Çok değil, 15-20 yıllık bir dönem içinde, bilgi ve iletişim teknolojilerindeki yeniliklerle birlikte bambaşka bir neslin doğuşuna tanık olduk. Her geçen gün, daha da genç bir kuşak iş dünyasının kapılarını aralıyor. Günümüz iş dünyası, kendinden önceki hiçbir nesle benzemeyen bu yeni nesli çözmeye, anlamaya çalışıyor. Bu yazımızda, “Y nesli, internet nesli, Y kuşağı, dijital nesil” gibi adlarla anılan bu kuşağın farklılaşan öğrenme ihtiyaçlarına kısaca göz atacağız.

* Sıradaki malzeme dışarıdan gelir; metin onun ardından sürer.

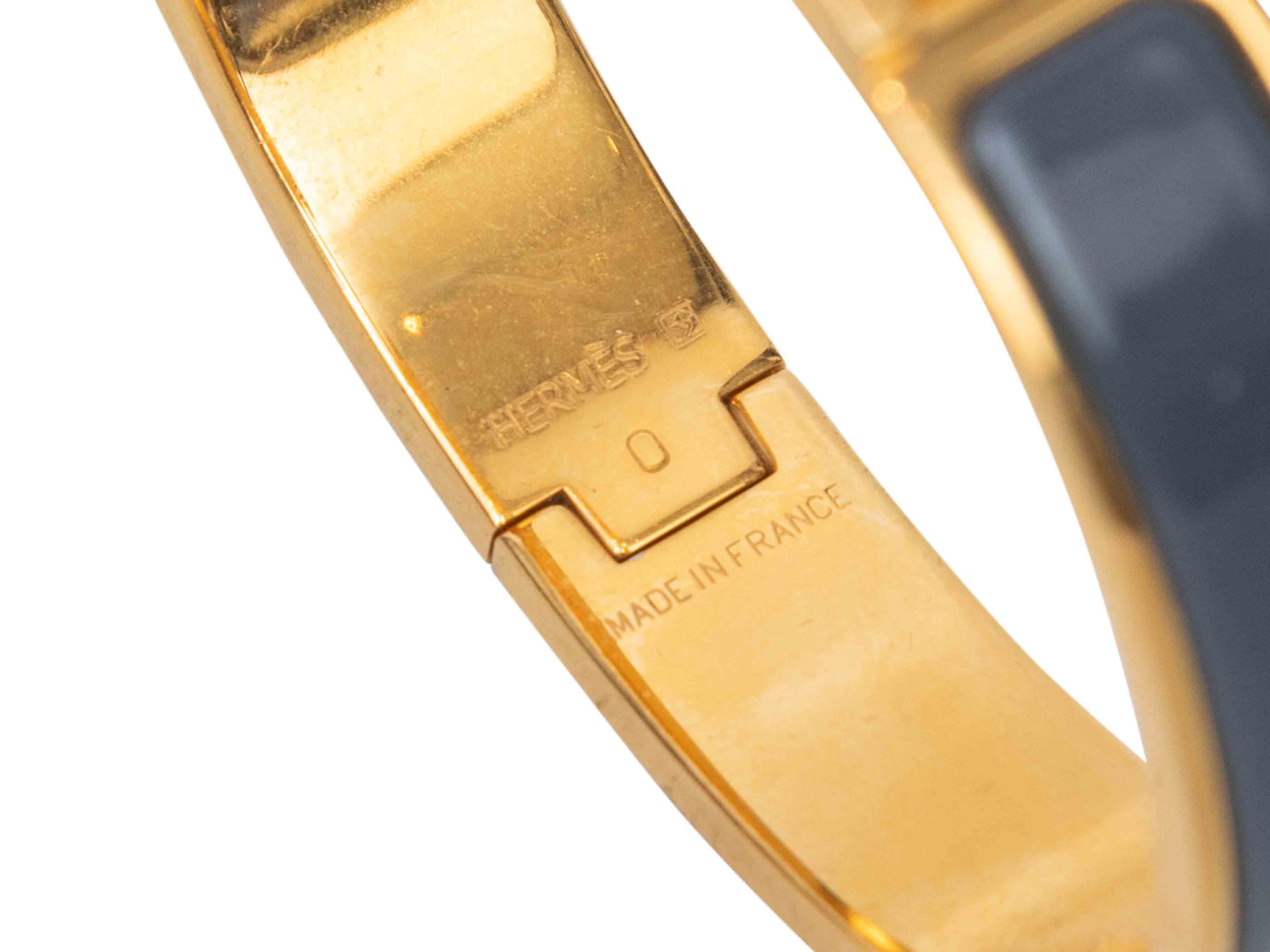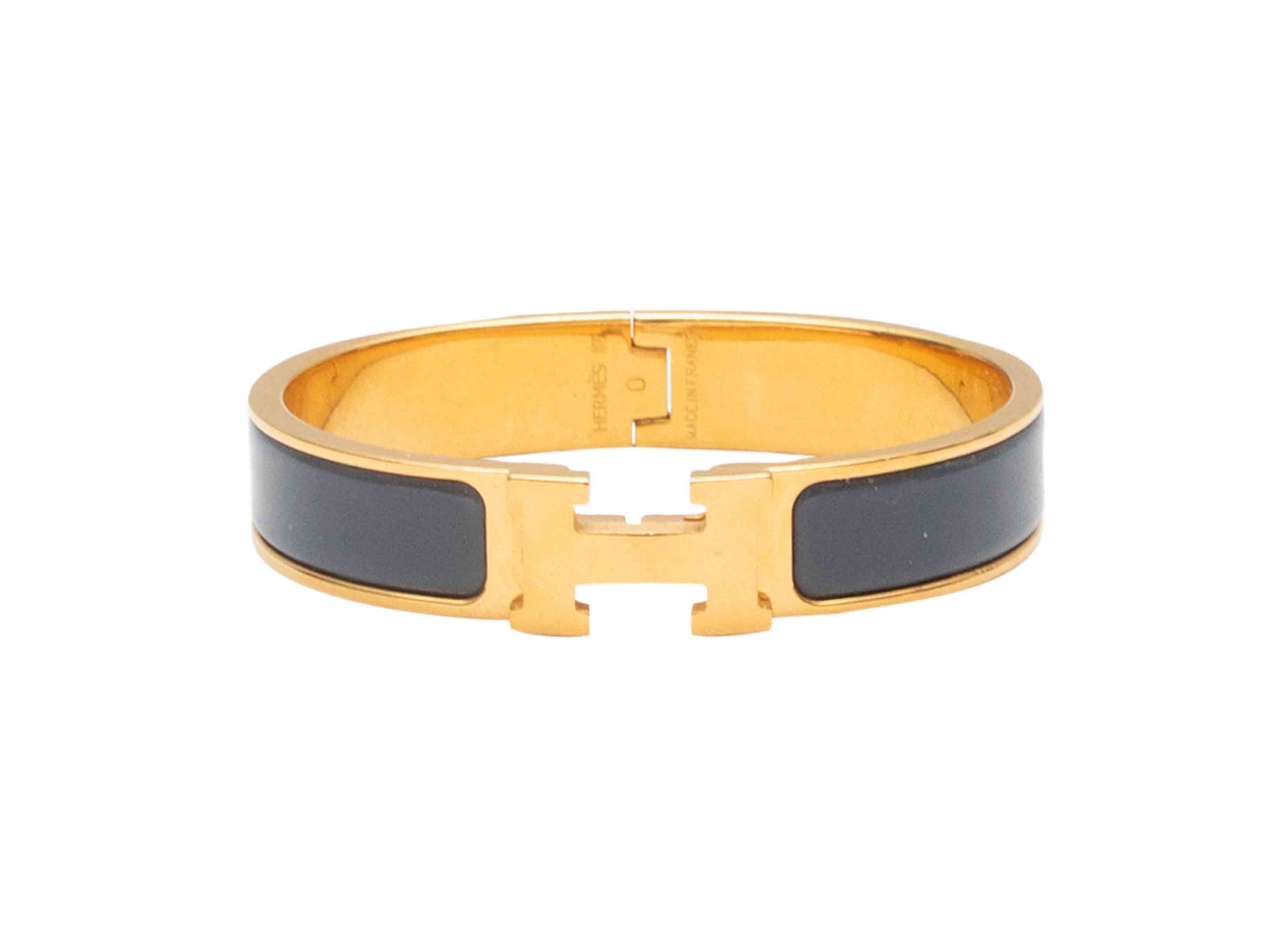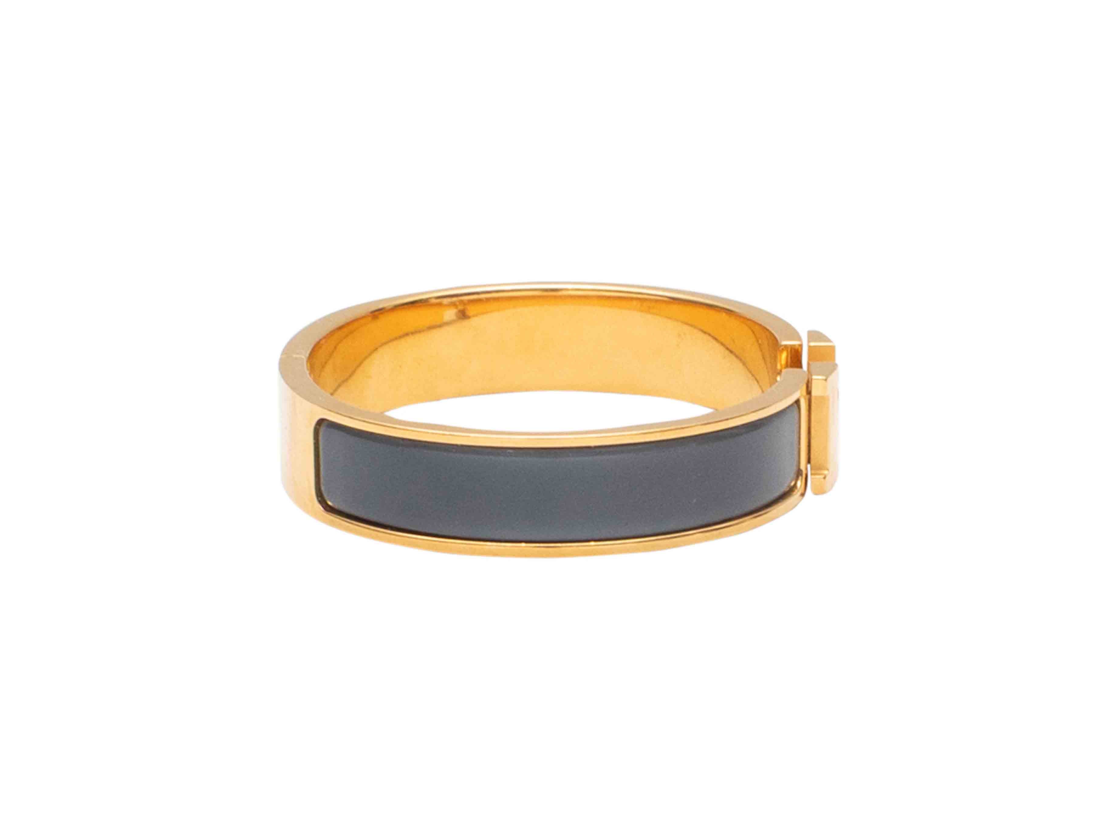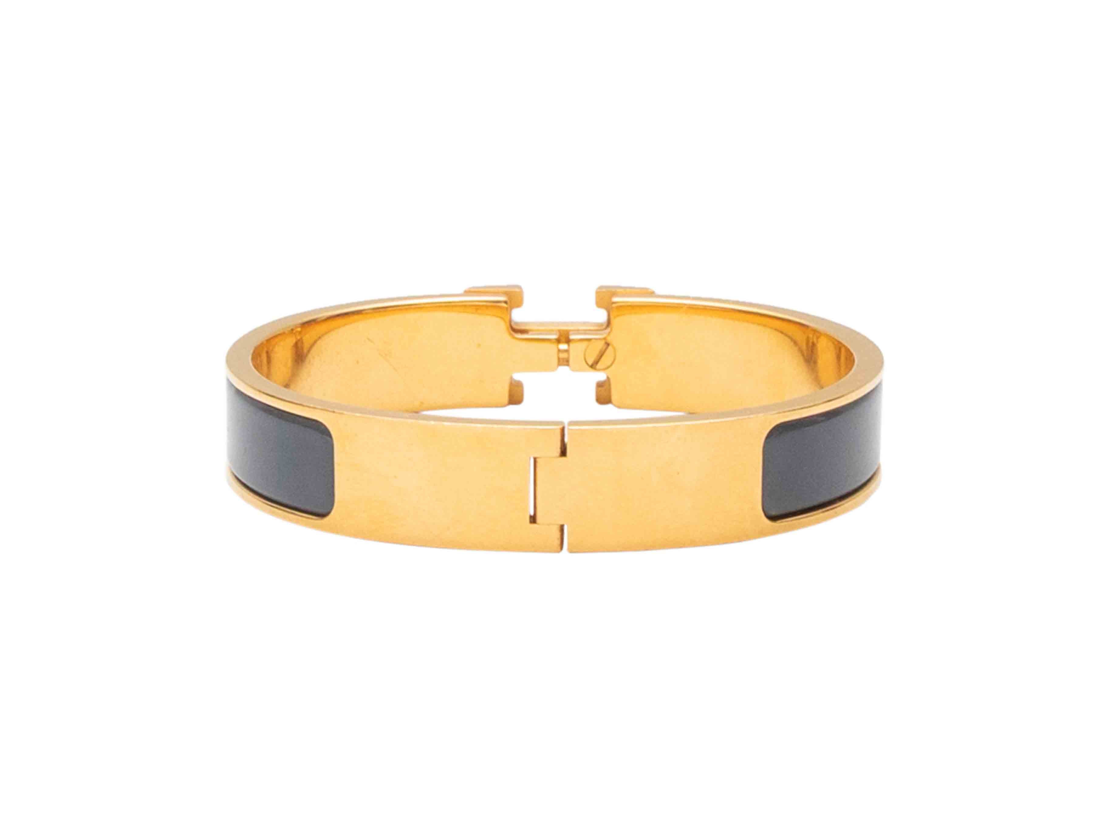 Product Details: Grey enamel and yellow gold plated Clic H bangle bracelet by Hermes. Hinge closure. 0.5" width, 2.25" across.

Y nesline ilişkin bazı gerçekler
Eğer anne babalarınızdan “Ne televizyonu evladım? Biz çocukken radyonun içinde adam arardık!” cümlesini bir kerecik olsun duyduysanız, siz de Y neslinin bir üyesi olabilirsiniz. Farklı kaynaklar Y nesli ile ilgili olarak değişen tarih aralıkları öne sürse de, Y nesli genel olarak 1980 ve sonrasında doğanları içine alıyor. Y nesli kendine güvenen, dürüst, talepkar, isteklerini yüksek sesle dile getirebilen ve her konuda beklentileri yüksek olan bir nesil. Bu durum öğrenme tercihlerinde de kendisini gösteriyor. Araştırma sonuçlarına göre, Y neslinin öğrenme tercihlerini ve öne çıkan özelliklerini aşağıdaki gibi özetleyebiliriz.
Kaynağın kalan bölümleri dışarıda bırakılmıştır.